Source material:
↓

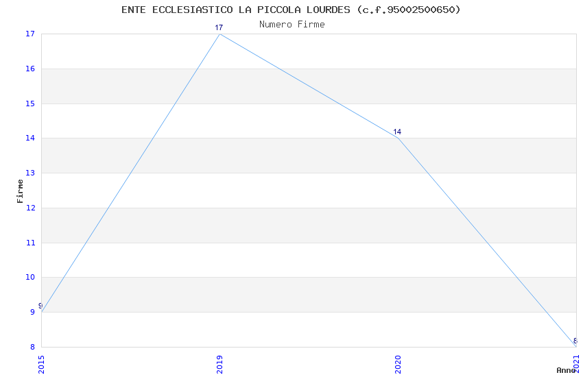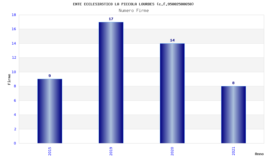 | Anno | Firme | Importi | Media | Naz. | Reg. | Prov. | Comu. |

↑
↓

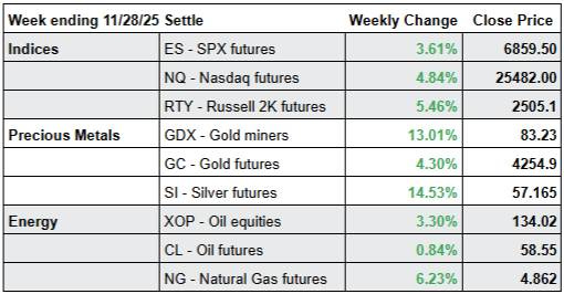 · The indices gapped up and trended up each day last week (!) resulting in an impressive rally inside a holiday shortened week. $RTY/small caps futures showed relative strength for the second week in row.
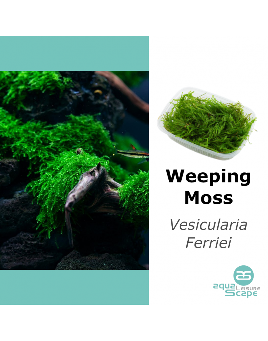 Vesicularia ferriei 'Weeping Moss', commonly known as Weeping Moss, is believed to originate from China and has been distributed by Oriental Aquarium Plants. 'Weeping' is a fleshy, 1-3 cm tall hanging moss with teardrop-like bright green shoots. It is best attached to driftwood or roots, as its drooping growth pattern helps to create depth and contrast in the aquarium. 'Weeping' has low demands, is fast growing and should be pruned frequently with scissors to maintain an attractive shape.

↑
↓

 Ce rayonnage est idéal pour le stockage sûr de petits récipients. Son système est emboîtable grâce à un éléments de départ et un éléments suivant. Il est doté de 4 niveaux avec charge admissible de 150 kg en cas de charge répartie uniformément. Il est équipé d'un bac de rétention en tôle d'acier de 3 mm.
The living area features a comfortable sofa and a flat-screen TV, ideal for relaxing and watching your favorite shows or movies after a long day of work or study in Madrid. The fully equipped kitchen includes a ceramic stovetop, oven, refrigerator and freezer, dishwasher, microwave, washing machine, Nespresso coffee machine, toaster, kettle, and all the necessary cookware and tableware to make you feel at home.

↑

From the records above, return exactly the lines running from the one that contains "week in row." down to the one that contains "Vesicularia ferriei 'Weeping", both included, without any pictures.

 · The indices gapped up and trended up each day last week (!) resulting in an impressive rally inside a holiday shortened week. $RTY/small caps futures showed relative strength for the second week in row.
 Vesicularia ferriei 'Weeping Moss', commonly known as Weeping Moss, is believed to originate from China and has been distributed by Oriental Aquarium Plants. 'Weeping' is a fleshy, 1-3 cm tall hanging moss with teardrop-like bright green shoots. It is best attached to driftwood or roots, as its drooping growth pattern helps to create depth and contrast in the aquarium. 'Weeping' has low demands, is fast growing and should be pruned frequently with scissors to maintain an attractive shape.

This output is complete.